According to the learned Additional Solicitor General, on an interpretation of the provision of section 80HHC(3) as it then stood the view taken by the Assessing Officer was unsustainable in law and therefore the Commissioner was right in invoking section 263 of the Income-tax Act. In this connection, he has further submitted that in fact the 2005 amendment which is clarificatory and retrospective in nature itself indicates that the view taken by the Assessing Officer at the relevant time was unsustainable in law. We find no merit in the said contentions. Firstly, it is not in dispute that when the order of the Commissioner was passed there were two views on the word “profits” in that section. The problem with section 80HHC is that it has been amended eleven times. Different views existed on the day when the Commissioner passed the above order. Moreover, the mechanics of the section have become so complicated over the years that two views were inherently possible. Therefore, subsequent amendment in 2005 even though retrospective will not attract the provision of section 263 particularly when as stated above we have to take into account the position of law as it stood on the date when the Commissioner passed the order dated March 5, 1997 in purported exercise of his powers under section 263 of the Income-tax Act.”

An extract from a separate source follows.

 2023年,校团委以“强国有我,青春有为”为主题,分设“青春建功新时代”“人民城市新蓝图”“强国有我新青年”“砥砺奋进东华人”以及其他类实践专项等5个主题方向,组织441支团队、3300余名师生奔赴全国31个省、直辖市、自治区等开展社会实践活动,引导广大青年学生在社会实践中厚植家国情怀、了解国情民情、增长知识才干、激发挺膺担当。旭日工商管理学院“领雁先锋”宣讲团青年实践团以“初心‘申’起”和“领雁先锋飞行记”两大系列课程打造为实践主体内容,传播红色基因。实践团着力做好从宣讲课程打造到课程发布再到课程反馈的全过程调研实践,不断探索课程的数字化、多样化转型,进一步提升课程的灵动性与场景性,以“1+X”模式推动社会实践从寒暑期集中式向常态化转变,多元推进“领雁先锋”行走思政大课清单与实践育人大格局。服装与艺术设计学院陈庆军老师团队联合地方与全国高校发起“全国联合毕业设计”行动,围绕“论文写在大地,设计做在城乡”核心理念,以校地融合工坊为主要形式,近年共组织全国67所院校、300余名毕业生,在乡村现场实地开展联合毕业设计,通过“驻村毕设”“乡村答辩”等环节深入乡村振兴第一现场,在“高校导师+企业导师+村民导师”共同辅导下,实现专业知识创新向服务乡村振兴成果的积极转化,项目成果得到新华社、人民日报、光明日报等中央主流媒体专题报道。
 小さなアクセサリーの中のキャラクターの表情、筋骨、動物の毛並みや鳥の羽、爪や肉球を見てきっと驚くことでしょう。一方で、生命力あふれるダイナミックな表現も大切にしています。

ITAT cannot allege suppression of facts when even reasons recorded for reopening not have any such allegation and the same issue was twice examined by AO in Section 154 proceedings. 

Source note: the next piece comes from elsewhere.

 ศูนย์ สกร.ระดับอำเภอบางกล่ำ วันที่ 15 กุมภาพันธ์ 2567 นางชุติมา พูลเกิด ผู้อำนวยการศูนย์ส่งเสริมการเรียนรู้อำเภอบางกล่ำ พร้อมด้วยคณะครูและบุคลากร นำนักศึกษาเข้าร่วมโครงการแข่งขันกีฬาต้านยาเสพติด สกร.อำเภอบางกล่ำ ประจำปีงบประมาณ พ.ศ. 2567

We find that the learned Tribunal has written an elaborate order. However, we are surprised to find that the learned Tribunal has held that the assessee suppressed the material facts which was never the allegation in the reasons recorded for reopening. It is not clear as to on what basis the learned Tribunal came to such a conclusion. In fact, the learned Tribunal has accepted the legal position that the assessment cannot be done on a mere change of opinion. However, it sought to justify the reassessment order on the ground that the certificate furnished by the Chartered Accountant the figure of loss was not shown, though the figure of the sale proceeds of the trading goods and the direct and indirect costs were shown. That apart, we find that the finding of the learned Tribunal that the assessing officer had no occasion to or did not examine the claim for deduction under Section 80HHC of the Act is thoroughly flawed and equally is the finding of the learned Tribunal that there was suppression of facts made by the assessee. In the preceding paragraphs we have pointed out that not only once but twice proceedings under Section 154 of the Act was initiated and both the proceedings were on the very same issue as regards the entitlement of the assessee to claim deduction under Section 80HHC of the Act. Therefore, such finding of the learned tribunal was absolutely perverse. The learned Tribunal also had held that no conscious opinion was formed by the assessing at the original assessment stage while allowing deduction under Section 80HHC of the Act and there was no exemption or deliberation. This finding appears to be no supported by any justifiable reasons but on a perusal of the assessment order it is definitely clear that the case was discussed with the assessee and thereafter taking into consideration the Chartered Accountant’s certificate the deduction as claimed was granted. In fact, there were two decisions of the learned Tribunal which were namely, International Research Park Laboratories Ltd. and A.M. Moosa which decisions would clearly support the stand and the conclusion arrived at the by the assessing officer while completing the scrutiny assessment under Section 143(3) of the Act vide order dated 3.3.1997.